Joshua Pritkin writes:

There is a Stan case study by Daniel Furr on a hierarchical two-parameter logistic item response model.

My question is whether to model the covariance between log alpha and

beta parameters. I asked Daniel Furr about this and he said, “The

argument I would make for modelling the covariance is that it results in

a more correct prior, assuming the true covariance is not near zero.”I countered that, “I agree that the true covariance is unlikely to be

zero, but I’m not sure that modeling it results in a more correct prior.

The prior is suppose to represent our prior beliefs and, given that the

parameter is uninterpretable, I don’t think I have a prior belief about

it. The covariance is not important to identify the model, either.”Daniel counter countered with, “I’ll just mention that *hierarchical*

priors are determined mainly from the data, not our beliefs, and if the

data support a correlation between alpha and beta then I think it is

more correct to include the correlation in the hierarchical prior. It

may not be important to include it for most purposes, but still it

matches more closely what the data generating process appears to be,

which is what I mean by ‘more correct.'”What do you think?

My reply: My short answer is that the covariance model is more general and it should be better; if there’s some idea that the correlation is likely to be near zero, or if there’s some desire to regularize because the correlation is difficult to estimate, then one could put a fairly strong zero-centered prior on that correlation.

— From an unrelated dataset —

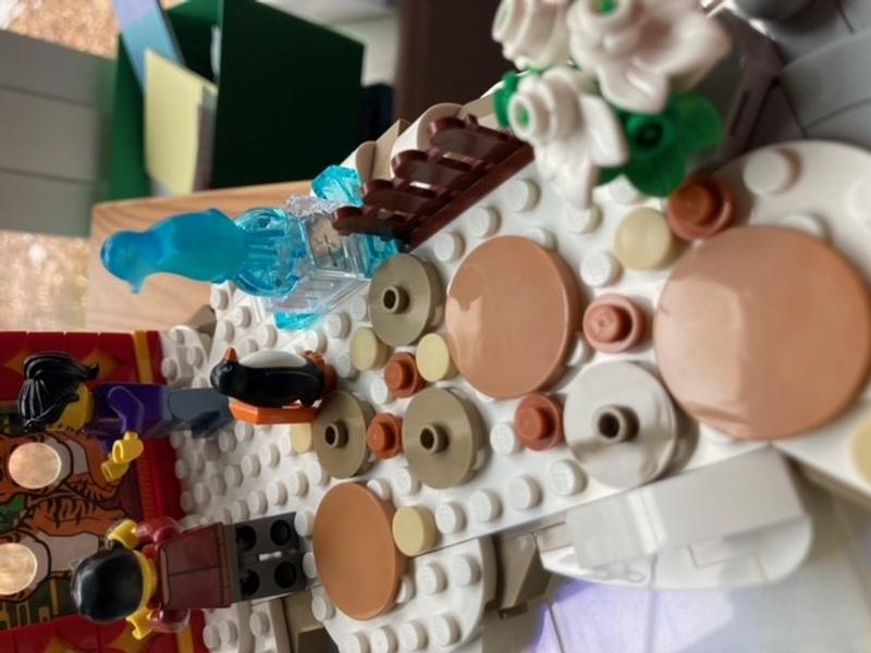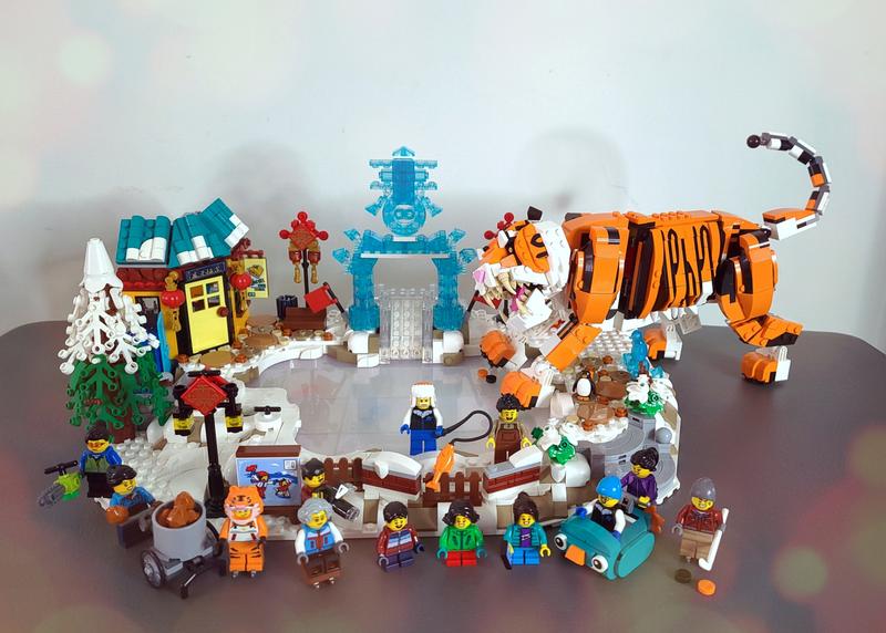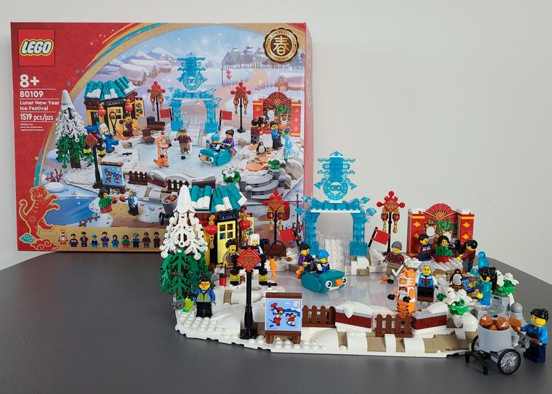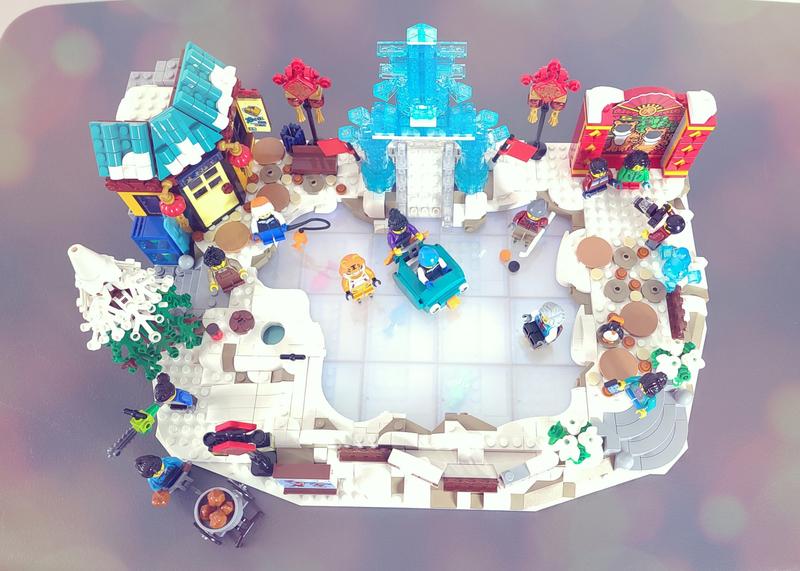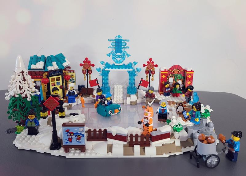 I enjoyed this set way more than I expected. It displays really well, especially when sunshine gets to the ice sculpture and the pearl-translucent ice rink. So many storylines you could make up with the mini figures too. I agree that the mini figures are emphasized a lot in this set, but that is what Lunar New Year festival is: it’s about the fun activities people can do together. The building experience, however, is fun but less attractive compared to the finished product. You will be spending most of your time building the base of the ice rink. I also agree this set could benefit from having more LNY related items. On the other hand, less emphasis on the LNY items also makes this set to fit in any winter village themed displays easily.

Also, nonzero corrleations can make sense: for example, more difficult items might have higher discrimination, on average. That said, models with covariances run slower and can be more difficult to interpret, so I don’t think it’s so horrible to just fit independent priors, at least as a starting point.

One thing, though: I don’t like the log transform on alpha. This seems wrong to me: in real life, items can have zero or negative discrimination, right? I’d prefer to put the normal modal on alpha, and then if the data isn’t consistent with negative-discrimination items, that should show up in the inferences. I’d rather have the data reveal this than impose it from the outside.

Hi Andrew –

My paper at StanCon in January gets into why discriminations are constrained to be positive in traditional IRT. It depends on the relationship between the data and the unobserved latent variable – if we believe that the relationship is monotonically increasing, then it makes sense to constrain alpha to be positive. For example, on a test if you get a question right it *always* signals higher ability as a student. But in other situations, such as in the ideal point model, that may not be the case – voting “yes” on a bill could signal you are higher or lower on the latent scale (conservative/liberal) because it depends on how the bill loads in the ideal point space. For that reason, in the ideal point model the discrimination parameters should be left unconstrained.

In some situations, it may be possible to fit either model. For example, in the paper I look at an Amazon food ratings database (1 to 5 scale) of coffee products. If I constrained alpha, the model would be interpreted as which coffee product receives the best ratings/has the highest ability. But if I don’t, which I don’t in the paper, then the model becomes about which coffee products tend to be most polarizing between raters.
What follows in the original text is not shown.